(Items from a dataset)
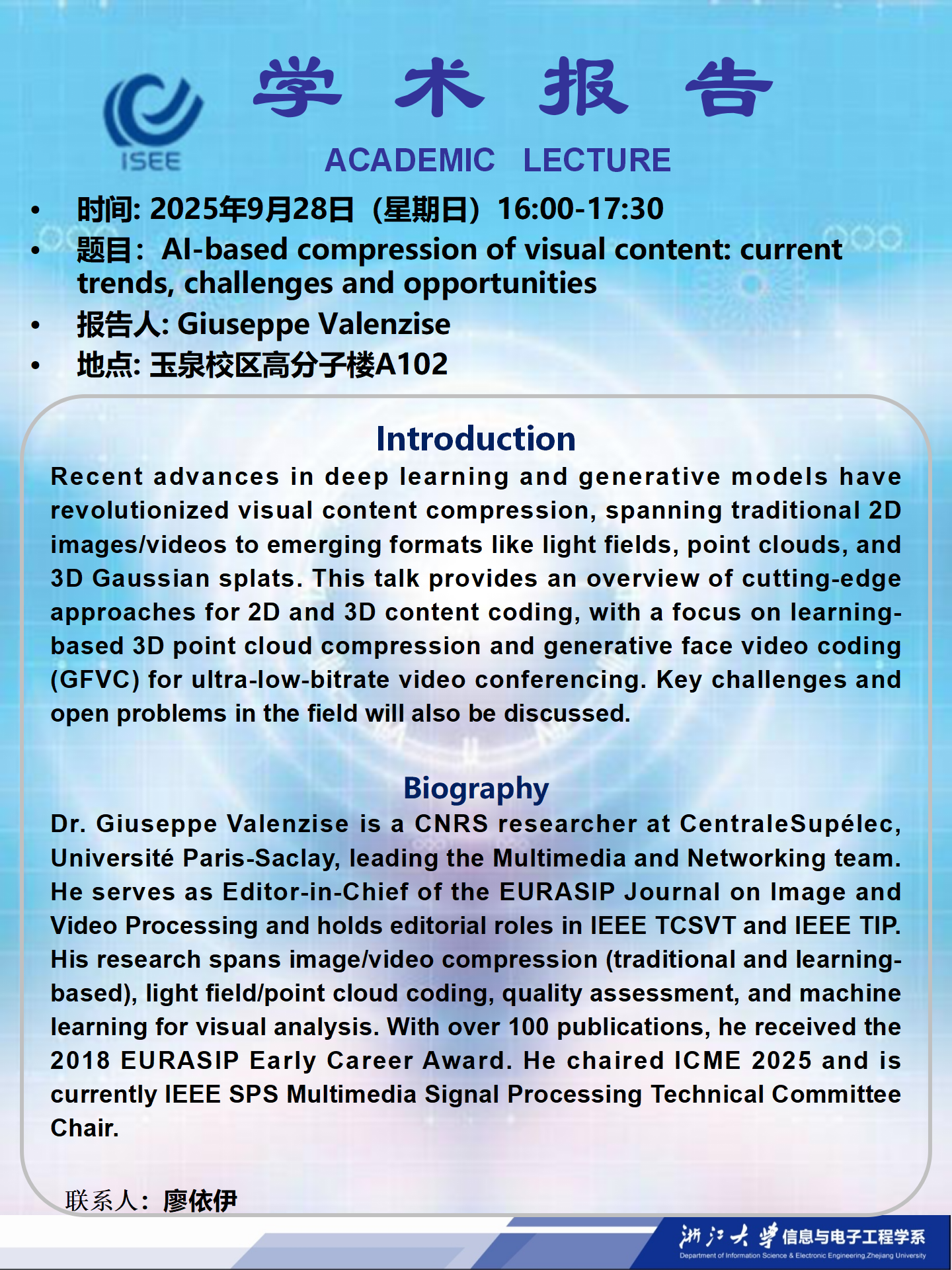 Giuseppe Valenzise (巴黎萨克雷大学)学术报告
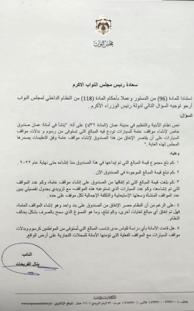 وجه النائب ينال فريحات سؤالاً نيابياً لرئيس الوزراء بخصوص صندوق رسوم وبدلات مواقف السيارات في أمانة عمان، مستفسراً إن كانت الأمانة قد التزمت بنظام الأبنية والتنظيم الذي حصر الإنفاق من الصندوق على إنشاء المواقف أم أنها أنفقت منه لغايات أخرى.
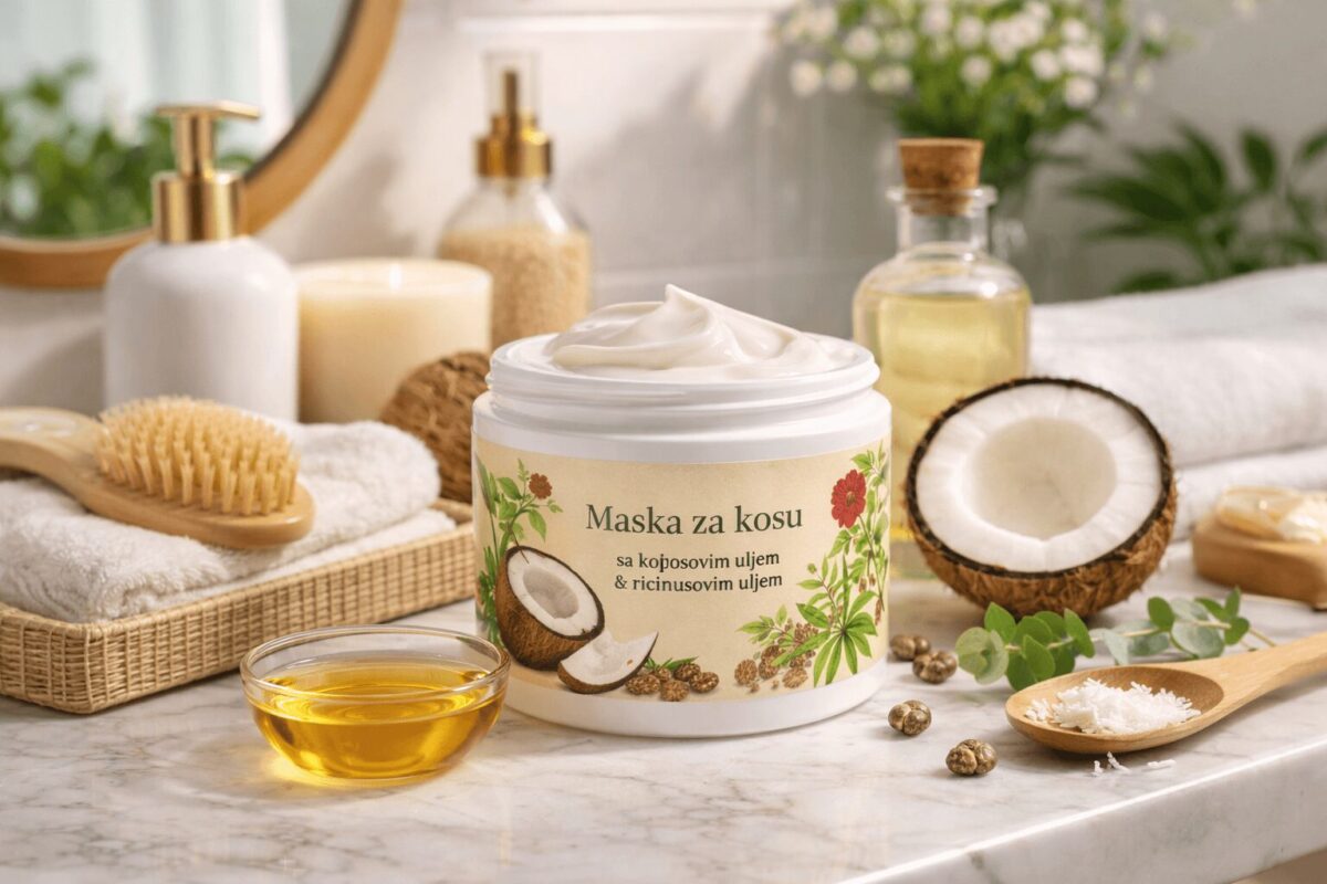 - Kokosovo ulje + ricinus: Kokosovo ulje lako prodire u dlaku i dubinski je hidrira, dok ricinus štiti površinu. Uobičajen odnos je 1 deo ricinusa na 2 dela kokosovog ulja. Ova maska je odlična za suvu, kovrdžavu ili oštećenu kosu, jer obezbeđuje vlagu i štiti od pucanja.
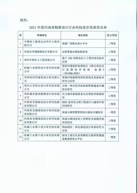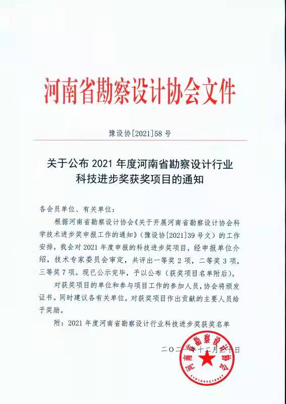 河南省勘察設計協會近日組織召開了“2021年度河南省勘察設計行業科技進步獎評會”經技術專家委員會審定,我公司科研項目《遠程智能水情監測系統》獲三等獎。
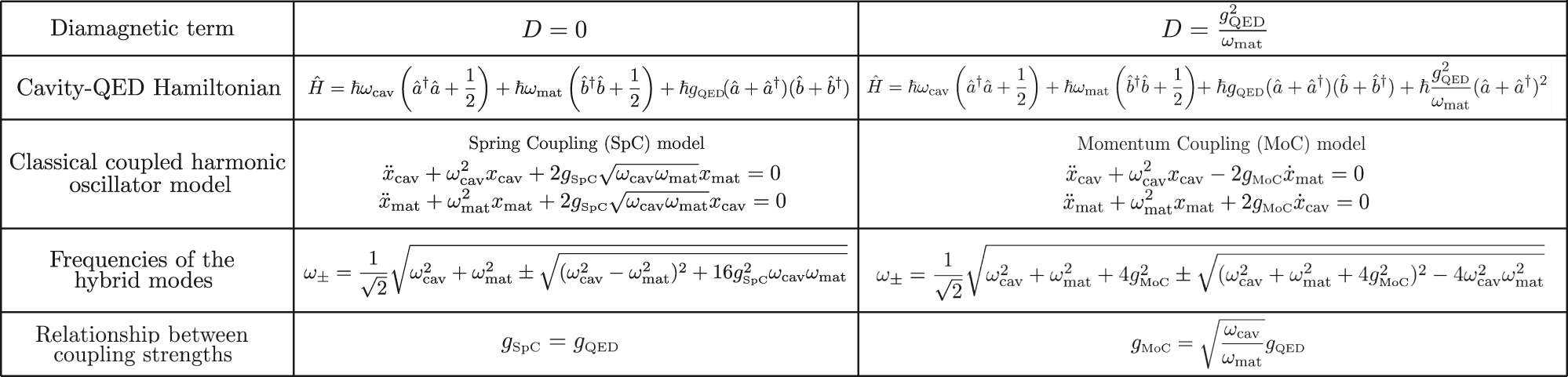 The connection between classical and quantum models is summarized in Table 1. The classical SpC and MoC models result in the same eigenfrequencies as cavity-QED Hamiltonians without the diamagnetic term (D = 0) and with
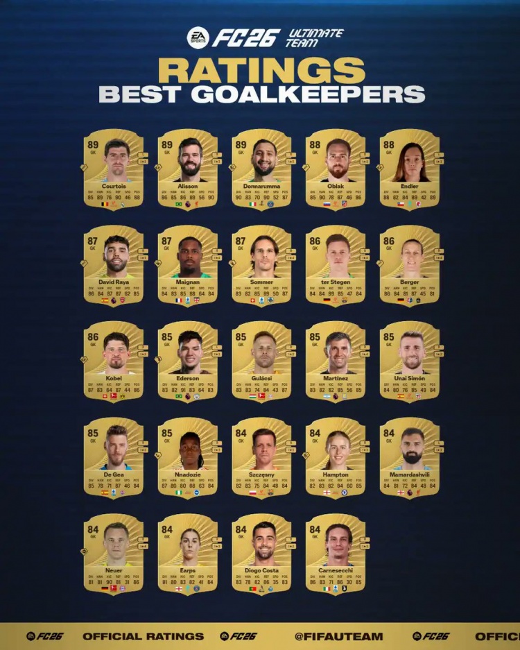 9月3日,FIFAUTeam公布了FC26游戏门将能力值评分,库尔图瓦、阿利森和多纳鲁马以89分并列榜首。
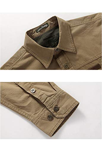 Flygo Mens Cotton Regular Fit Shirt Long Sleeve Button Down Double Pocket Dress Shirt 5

*Your objective*.
Write out exactly the lines that run from the one containing "- Kokosovo ulje" to the last line of the entries above, both ends kept, pictures left out.

*Answer to this problem*.
 - Kokosovo ulje + ricinus: Kokosovo ulje lako prodire u dlaku i dubinski je hidrira, dok ricinus štiti površinu. Uobičajen odnos je 1 deo ricinusa na 2 dela kokosovog ulja. Ova maska je odlična za suvu, kovrdžavu ili oštećenu kosu, jer obezbeđuje vlagu i štiti od pucanja.
 河南省勘察設計協會近日組織召開了“2021年度河南省勘察設計行業科技進步獎評會”經技術專家委員會審定,我公司科研項目《遠程智能水情監測系統》獲三等獎。
 The connection between classical and quantum models is summarized in Table 1. The classical SpC and MoC models result in the same eigenfrequencies as cavity-QED Hamiltonians without the diamagnetic term (D = 0) and with
 9月3日,FIFAUTeam公布了FC26游戏门将能力值评分,库尔图瓦、阿利森和多纳鲁马以89分并列榜首。
 Flygo Mens Cotton Regular Fit Shirt Long Sleeve Button Down Double Pocket Dress Shirt 5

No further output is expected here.